Bitcoin’s price volatility can be a rollercoaster ride for investors. The recent surge in Bitcoin futures open interest to an all-time high of $36 billion has intensified this volatility. The Chicago Mercantile Exchange (CME) alone achieved an $11.9 billion open interest, surpassing the inflow of United States spot Bitcoin exchange-traded funds (ETFs).
Following the launch of spot ETFs in the U.S., Bitcoin’s volatility has actually increased rather than decreased. The 30-day volatility for Bitcoin surged above 80%, the highest level in over 15 months. This level of volatility surpasses even traditional volatile assets like stocks and oil futures.

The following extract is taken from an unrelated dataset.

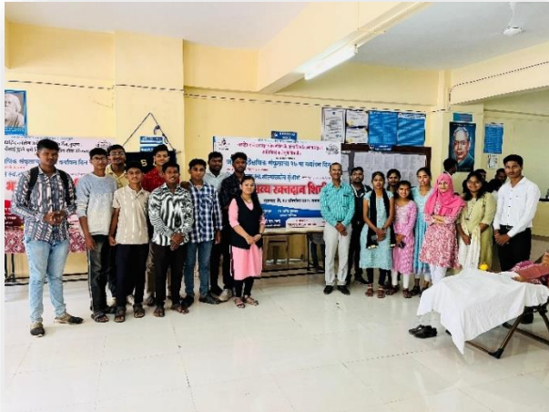
"Certificate distribution to volunteers after the blood donation camp, appreciating their efforts."

The recent price movements in Bitcoin have seen a 10% correction followed by a 12% gain within days, resulting in significant forced liquidations in BTC futures contracts. While this may not directly impact holders, it certainly influences the trajectory of the bull run and the broader market’s perception of Bitcoin’s risk.

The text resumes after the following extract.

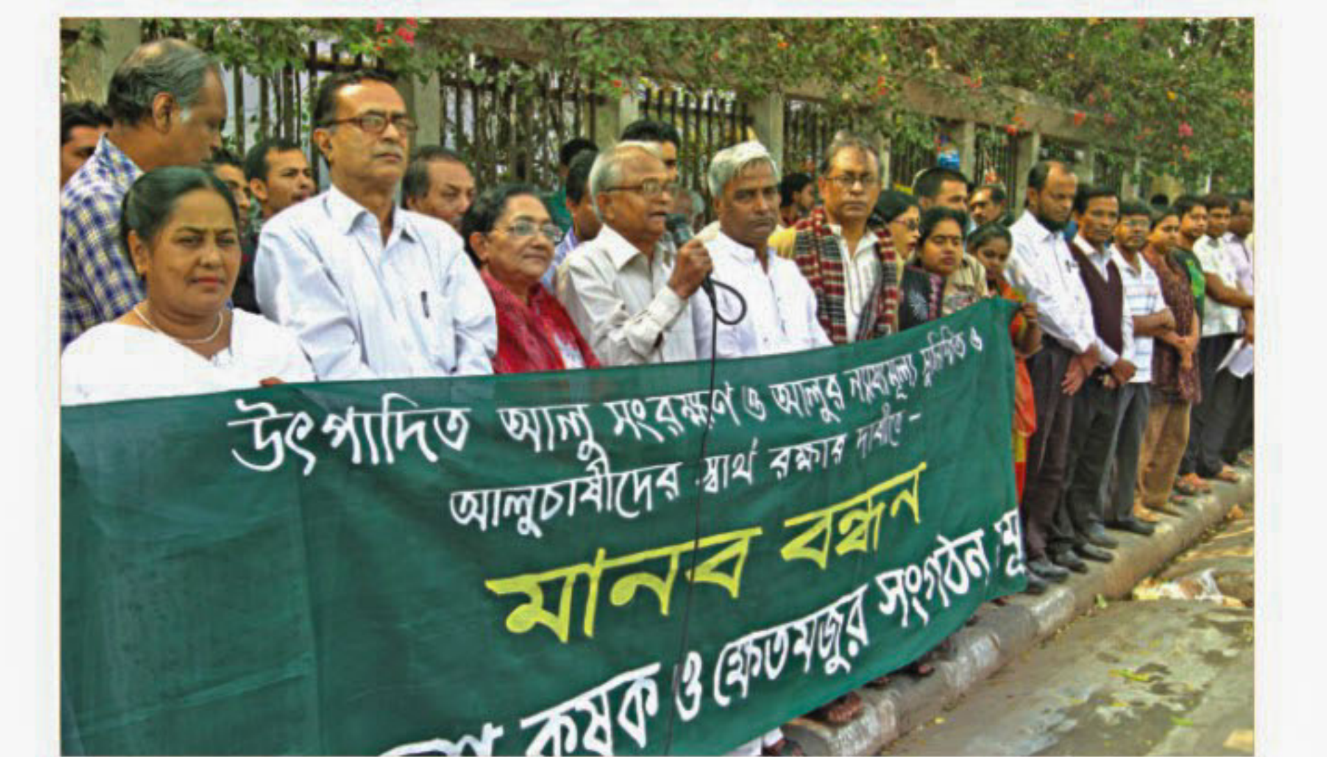
Bangladesh Krishak O Khetmojur Sangathan Samuho forms a human chain in front of the Jatiya Press Club in the city yesterday demanding to ensure proper preservation of this year's potato production and just price to the farmers to protect their interests.

The Bitcoin futures market allows for leveraged bullish and bearish bets, which can impact the spot price of Bitcoin. Analysts have attributed the increased volatility to excessive leverage or even “manipulation” by market makers. However, the futures premium has remained above 16%, indicating a bullish market sentiment.
Investors should be cautious when trading Bitcoin futures and conduct their own research before making any investment decisions. The $36 billion open interest in Bitcoin futures suggests that the market is poised for more volatility in the near future.